Кукла была чудо, и, конечно же, стоило самой Марии сердечно поблагодарить Петра Андреевича, не столь уж частого, но самого дорогого гостя в их доме. Каждый раз, как приходил Пётр Андреевич, он приносил в подарок удивительные вещи, и не взрослым, а детям — тосковал посол России по своим детям, давно выросшим и оставшимся на его далёкой родине...
Но Кассандра строго велела Марии:
— Оставь свою игрушку, собирайся, как я тебе сказала. Мы поедем в баню...
Мария судорожно прижала куклу к сердцу и подняла на Кассандру такие умоляющие глаза, что та смилостивилась:
— Можешь взять её с собой, но береги: это очень дорогая кукла.
И Мария бросилась матери на шею, целовала её руки и щёки, и румянец необыкновенной радости и счастья вспыхнул на её чистом смуглом личике.

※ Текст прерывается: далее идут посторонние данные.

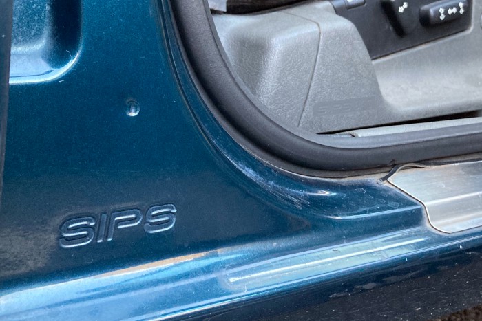 ▲ボルボ特有の側面衝撃吸収システム、SIPS(Side Impact Protection Systemの略)のロゴ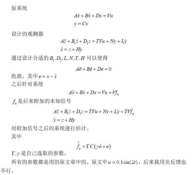 看了一篇二阶系统未知输入观测器的文章,想按着论文中的思路做个仿真,但是怎么也出不了结果,所有的数据都是用的原文中的,但是系统还是发散,麻烦高手帮忙解答一下是为什么。具体看图片吧。
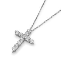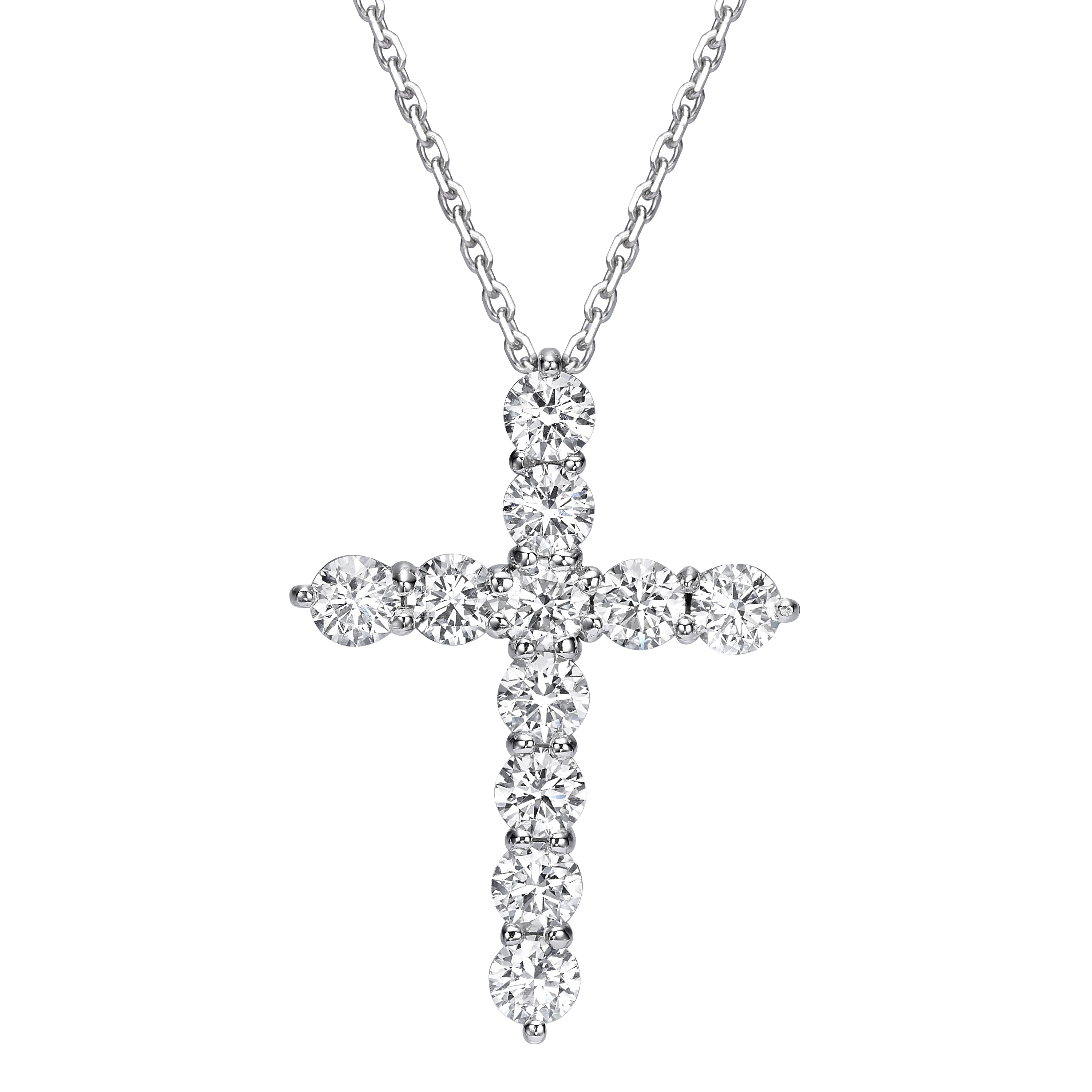 CROSS PENDANT SET WITH 11 ROUND BRILLIANT LG DIAMONDS, A TOTAL OF 2.90 CARAT, D-E COLOR, VVS CLARITY ACCOMPANIED BY 86 LG DIAMONDS SET IN LOGO. IN 18 KARAT WHITE GOLD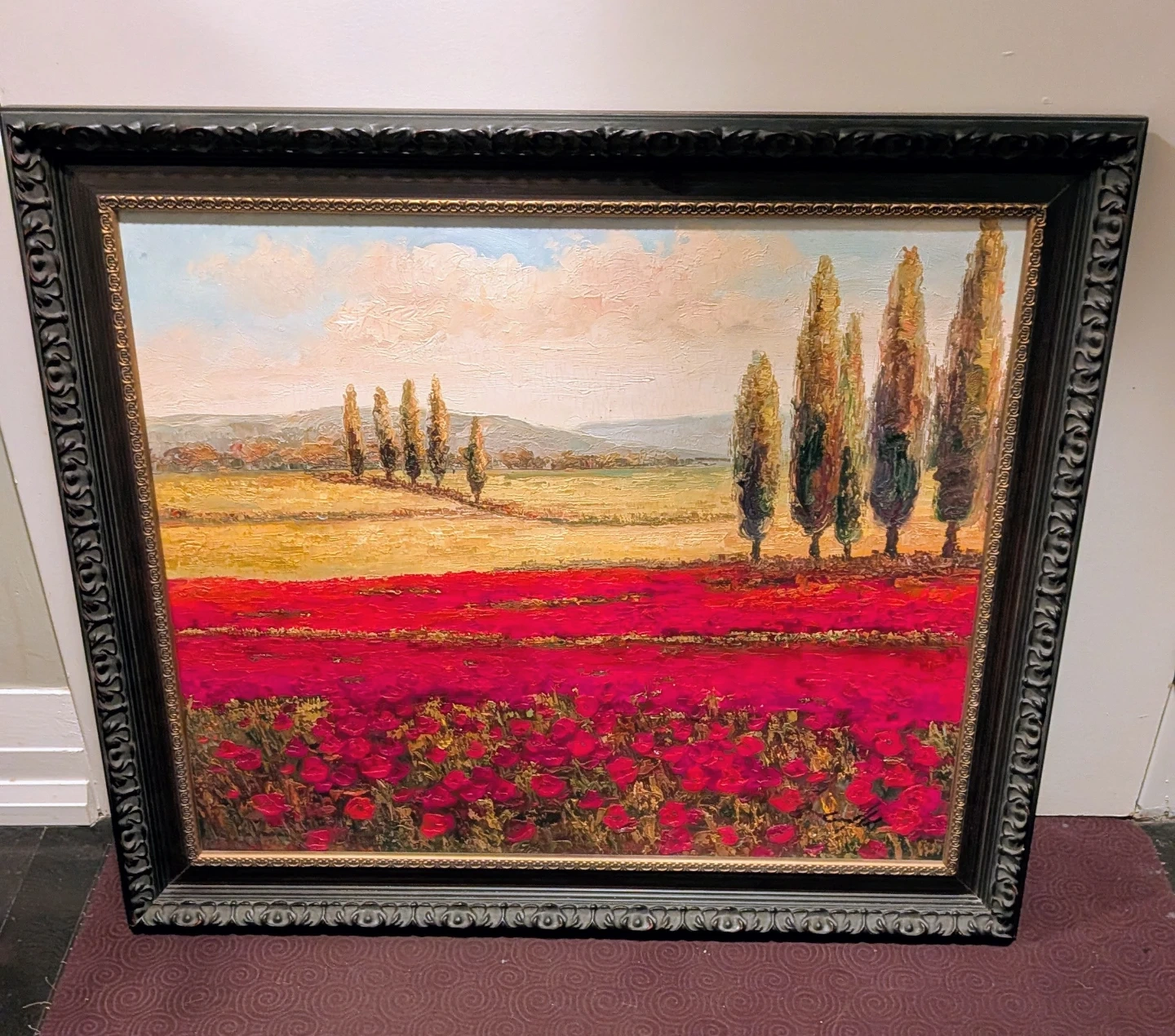 This is a landscape oil painting with a decorative frame. It features a field of red flowers and trees in the background. The frame is dark and ornate.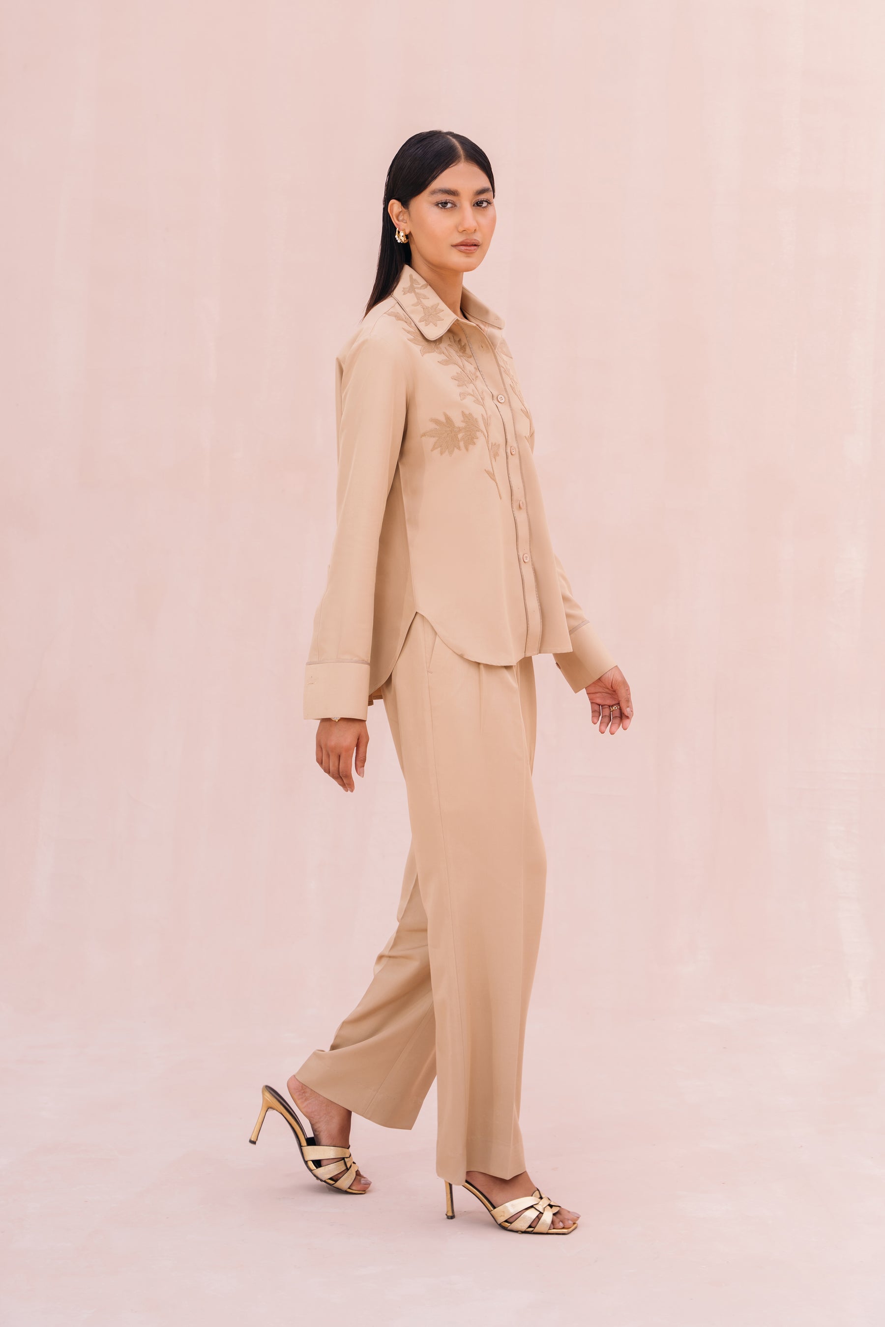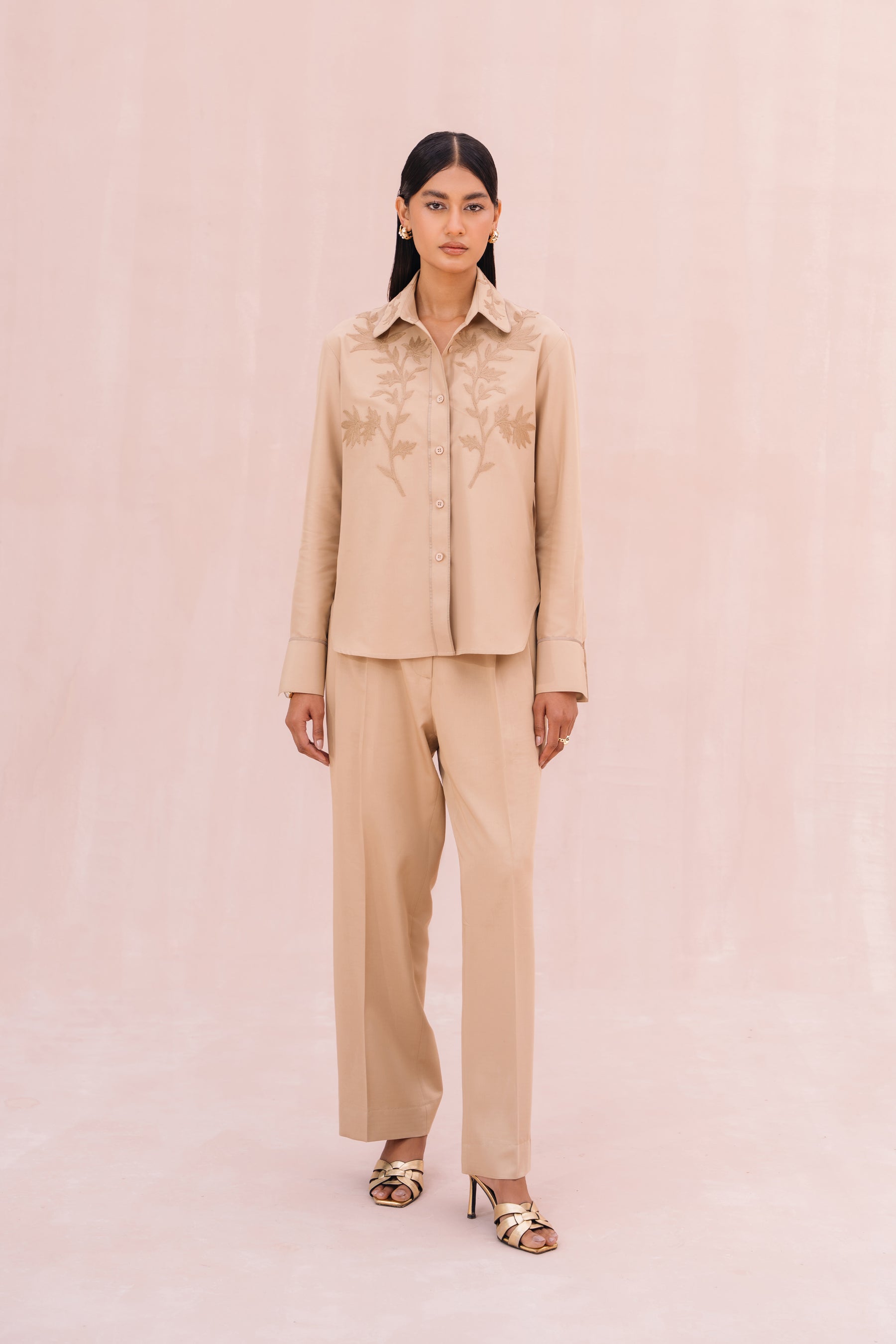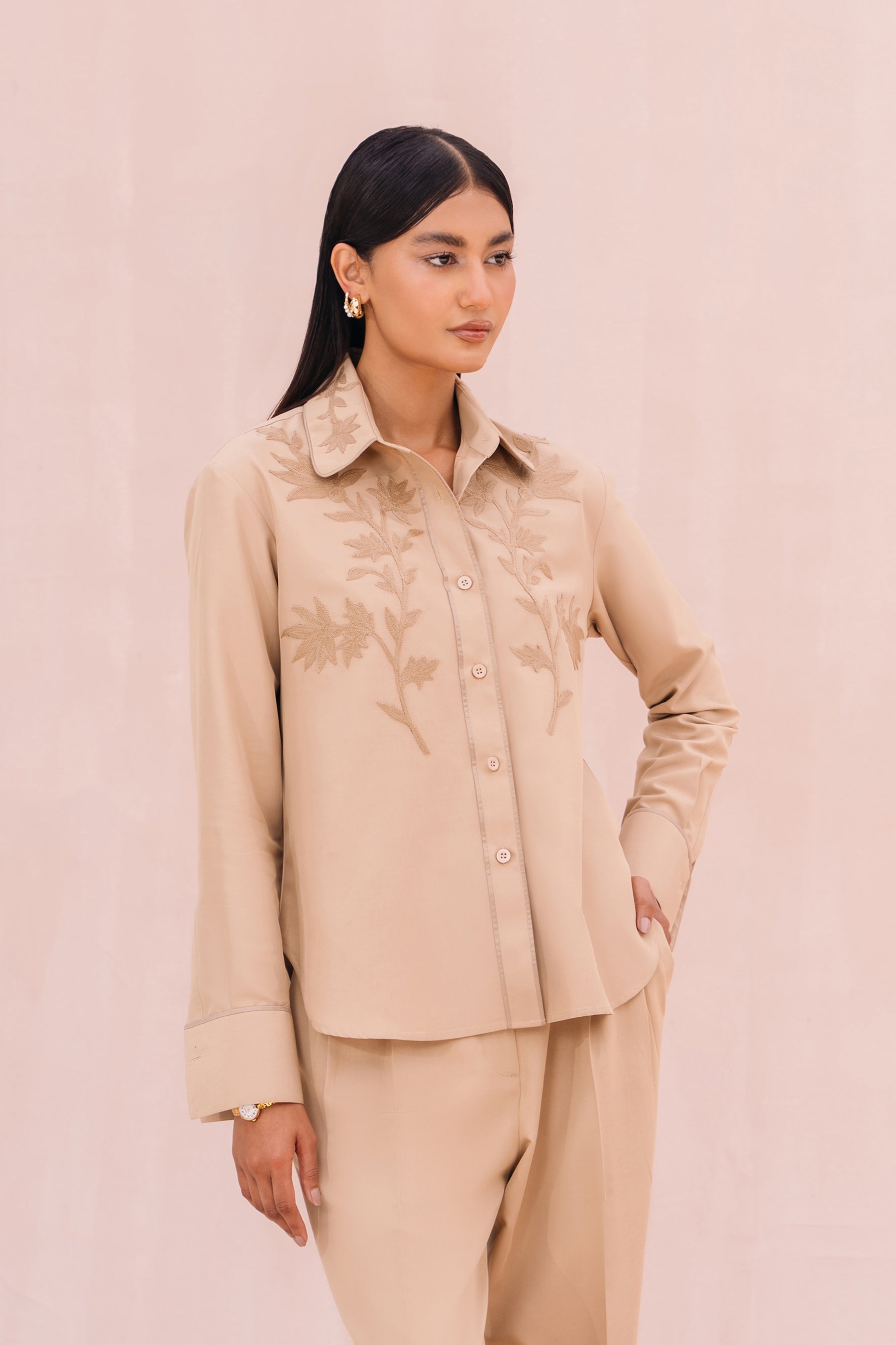 - Trim detail on collar, placket & cuff

Она даже не заметила, как они с матерью вышли на большой, мощённый крупным булыжником двор харема. Маленькая калитка соединяла этот двор с другим, более просторным — двором селямлика. Туда можно было проехать через огромные ворота и доехать до самого бинек-таши — маленького мраморного крыльца, с которого очень удобно садиться на любую верховую лошадь. Но Мария почти не бывала во дворе селямлика, располагавшегося под большой залой второго этажа. Здесь же, в помещении харема, двор был поуже, почище, и сквозь крупные камни пробивалась кудрявая поросль травы, так что казалось, весь двор покрыт квадратным ковром, расчерченным зелёным и серым.
Мария очень любила бегать во дворе, особенно если ей позволяли плескаться в бассейне посреди него. Это сегодня ей было не до фонтана, как всегда пускающего в самое небо тоненькую струйку воды, разбивающуюся на тысячи алмазных искр. Сегодня она даже не видела, как подкатила к бинек-таши лёгкая коляска, в которую были запряжены два буланых стройных коня, не видела, как на запятках устроились две невольницы с большими мешками в руках — всё необходимое в общественной бане.
Мария только покорно и слепо следовала за Кассандрой, устроившейся на мягком кожаном сиденье коляски и втащившей дочь вслед за собой. Она не сводила глаз со своего сокровища, трепетно оглаживала парадную робу красавицы, едва касалась пальцами её ярких голубых глаз и пунцовых пухлых губ. Под пальцами чувствовалась плотная и тёплая слоновая кость, и девочке чудилось, что живое тело куклы трепещет, дышит под её лёгкими прикосновениями.
Мария ничего не видела всё время, пока они ехали по улицам города, то широким, ограниченным высокими глиняными стенами, то узеньким — едва разъехаться двум экипажам — под высокими консолями вторых этажей домов, выступающих над первыми ярусами. Она ничего не видела и не слышала, ни до чего ей не было дела: в её руках была такая кукла, которой могли бы позавидовать девочки даже старше её возрастом — никогда никто не имел такую красавицу...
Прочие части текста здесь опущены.